> [TASK BRIEF]: Your answer must be the exact lines from the one holding "Lava flow forms" through the last line of the records below, with no pictures.
§
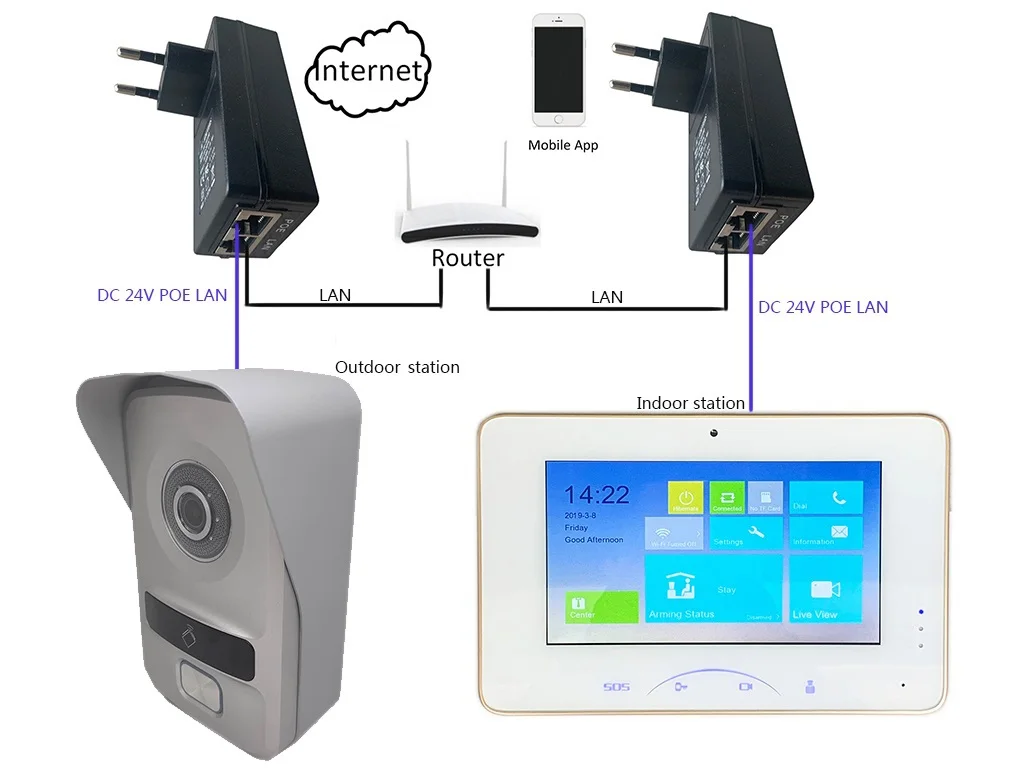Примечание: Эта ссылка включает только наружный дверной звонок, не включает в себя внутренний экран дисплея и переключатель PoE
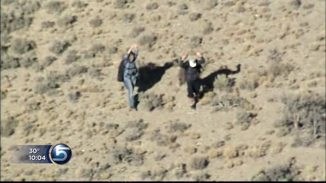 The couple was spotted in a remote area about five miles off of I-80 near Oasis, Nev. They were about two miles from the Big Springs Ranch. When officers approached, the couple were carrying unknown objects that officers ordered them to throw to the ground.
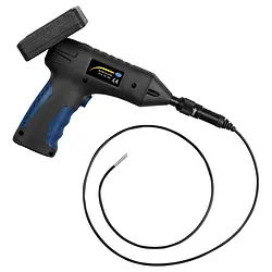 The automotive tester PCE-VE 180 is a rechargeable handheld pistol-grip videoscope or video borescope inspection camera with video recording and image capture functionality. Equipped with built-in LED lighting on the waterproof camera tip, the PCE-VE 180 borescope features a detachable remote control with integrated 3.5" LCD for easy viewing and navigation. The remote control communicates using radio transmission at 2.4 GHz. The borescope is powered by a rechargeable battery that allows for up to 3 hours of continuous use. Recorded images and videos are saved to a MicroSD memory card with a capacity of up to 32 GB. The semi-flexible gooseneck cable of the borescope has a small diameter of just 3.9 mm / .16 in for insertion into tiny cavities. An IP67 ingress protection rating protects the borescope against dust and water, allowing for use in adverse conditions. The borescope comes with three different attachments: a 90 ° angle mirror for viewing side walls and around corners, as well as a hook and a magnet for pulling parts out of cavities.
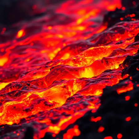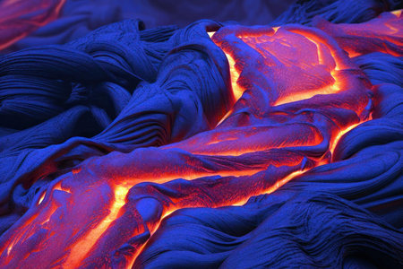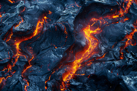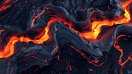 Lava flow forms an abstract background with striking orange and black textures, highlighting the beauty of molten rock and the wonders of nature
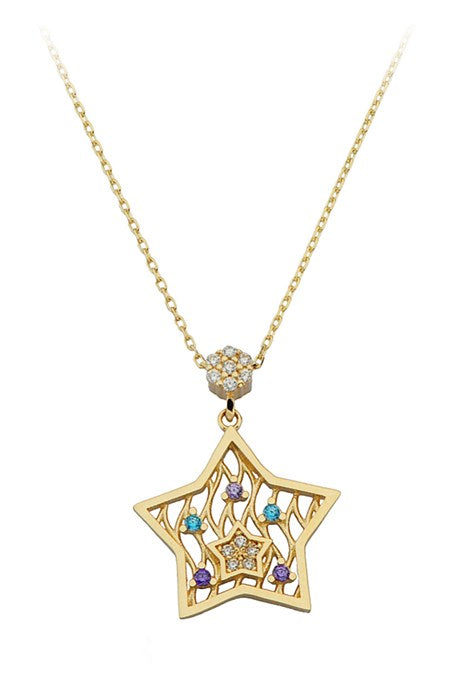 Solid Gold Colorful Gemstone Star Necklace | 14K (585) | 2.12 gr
§
> [FINISHED EXERCISE]:
 Lava flow forms an abstract background with striking orange and black textures, highlighting the beauty of molten rock and the wonders of nature
 Solid Gold Colorful Gemstone Star Necklace | 14K (585) | 2.12 gr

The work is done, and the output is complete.